SC: I've been racing for six years with Jean-Rene Bernaudeau (as a junior with Vende U, then professionally with Bonjour and then Brioches La Boulangere - Ed.). You start to get a bit bored… I wanted a change of pace; I was afraid of falling into a rut. I decided to take a step and challenge myself a bit. I want to see what I'm capable of in this new environment. Either way, it'll be good for me. It's great to be around new people. My entry into the team has really gone well, I very quickly became part of the group. Simply put, I'm in my element here!
CN: How would you describe your 2004 season?
SC: It was a good year (silence)…
CN: I read that you were a bit disappointed with your Tour de France?
SC: No, not disappointed. I had a great experience at the Tour with Thomas (Voeckler's) yellow jersey. Personally, what I missed was a stage win. I rode for the team, which was normal, and I don't regret it. It was great to be a part of that.
CN: Was the fact that you weren't the sole leader at Brioches La Boulangere one of your reasons for leaving?
SC: A little bit, for sure. But I'd rather not talk about it. I was loyal to Jean-Rene Bernaudeau since I started. I discovered the world of professional cycling through him. Now I want to see some other things, get a new perspective. Everything went very well when I left the team.

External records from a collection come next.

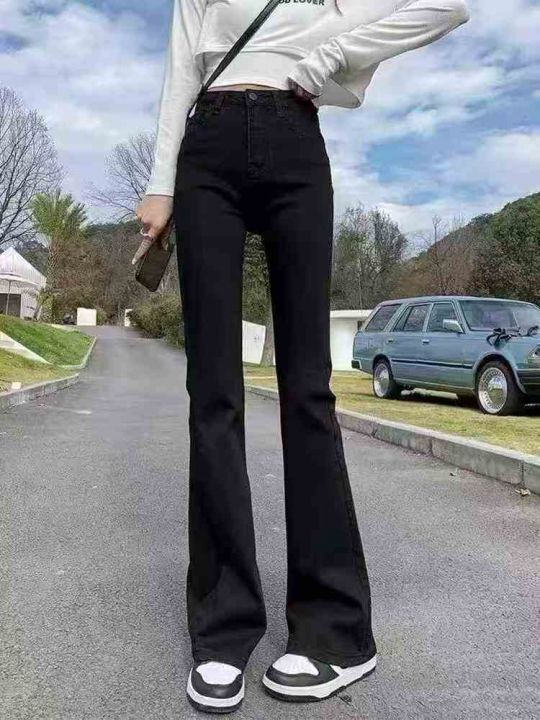 黑色弹力微喇牛仔裤春季新款高腰显瘦喇叭裤修身拖地马...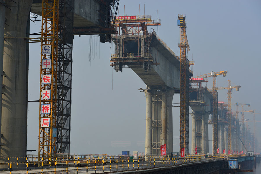Read moreBridge pillars stand at a construction site of a railway bridge built by China Railway Bridge Bureau, as part of the new high-speed Wuhan-Shiyan rail line in Xiangyang, Hubei province, on November 8, 2017. #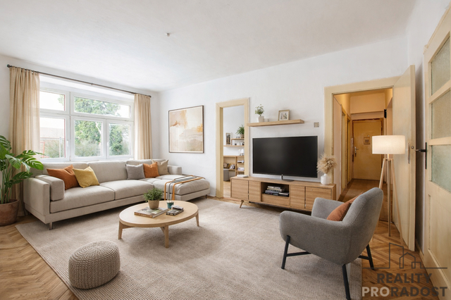 Hledáte zděný byt 3+1 v původním stavu, protože si ho chcete předělat podle svých představ? Pak se přijeďte podívat do Sezimovy ul., kde v přízemí cihlového domu najdete prostorný byt 3+1 s centrální chodbou se vstupy do jednotlivých místností. Předností bytu jsou vyměněná plastová okna, dvě komory, prostorný obývací pokoj a strategická poloha. Vše v původním stavu určeném k rekonstrukci. Ústřední dálkové topení, oddělené WC, koupelna s vanou, kuchyně se spíží. Parkety, dlažba, sklepní koje v suterénu domu. Parkování před domem. Měsíční náklady do 6.000,- Kč vč. FO.

CN: What did you learn from your years with Bernaudeau?
SC: There was a great sense of camaraderie. My three first years there were the best. I don't know that I'll ever find another ambiance like we had then. Really, I've felt a bit alone since the death of Fabrice Salanson. I lost a friend. That was a turning point, and since then, I've had time to reflect. Perhaps it's also because of that that I decided to leave.
CN: Do you have any close friends in the peloton?

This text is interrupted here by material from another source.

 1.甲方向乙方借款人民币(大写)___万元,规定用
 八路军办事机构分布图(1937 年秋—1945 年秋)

SC: Not close friends, no. Competition will always be competition! I'm not the same guy as I am in normal life. For example, people tell me I'm affectionate, but on the bike I'm a jerk. I'm reserved, I don't talk a lot, and frankly I don't really want to.
CN: Does it bother you that you're no longer on the same team as your brother, Sebastien?

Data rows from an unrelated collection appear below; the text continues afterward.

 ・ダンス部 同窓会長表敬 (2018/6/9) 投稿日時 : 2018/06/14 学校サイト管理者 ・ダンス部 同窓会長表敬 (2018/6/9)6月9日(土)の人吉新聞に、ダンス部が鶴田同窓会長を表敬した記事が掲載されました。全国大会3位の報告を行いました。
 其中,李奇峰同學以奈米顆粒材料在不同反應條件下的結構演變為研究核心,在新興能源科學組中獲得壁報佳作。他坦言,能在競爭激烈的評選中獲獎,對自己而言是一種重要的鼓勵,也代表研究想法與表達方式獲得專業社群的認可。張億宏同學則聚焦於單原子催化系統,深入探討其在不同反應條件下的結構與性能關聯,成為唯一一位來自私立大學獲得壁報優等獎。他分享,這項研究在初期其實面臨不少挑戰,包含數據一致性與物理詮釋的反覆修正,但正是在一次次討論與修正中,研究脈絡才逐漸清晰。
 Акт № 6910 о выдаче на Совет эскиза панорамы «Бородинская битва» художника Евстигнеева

SC: Actually, that doesn't change much. We weren't seeing each other much last year since we weren't doing the same races (he's more of a sprinter).
CN: What have you set as objectives for 2005?
SC: Paris-Nice, the Dauphiné Libéré, the French national championships (road and time trial), and one or two classics: Liège-Bastogne-Liège or Milan-San Remo.
CN: And the Tour de France?
SC: It's an objective, of course, but it's different. What will change relative to 2004 will be my approach to the Tour de France. I'm going to have a long break beforehand, around four or five weeks, to go on vacation with my family and build up my morale. Then I'll go to the Vuelta a Catalunya to work on my climbing, then to the Dauphiné, which I've only ridden once (and even then I was asked to abandon because of illness).
But like I said, I'm competitive from the beginning of the season to the end. I don't ride just for the Tour de France. I'm way too young to do that. Before I sacrifice everything for the Tour, I have to first see what I'm worth in other races. What I'm missing right now is a big victory, a real breakthrough. But maybe that'll never even happen (laughs)! I prefer to live day by day.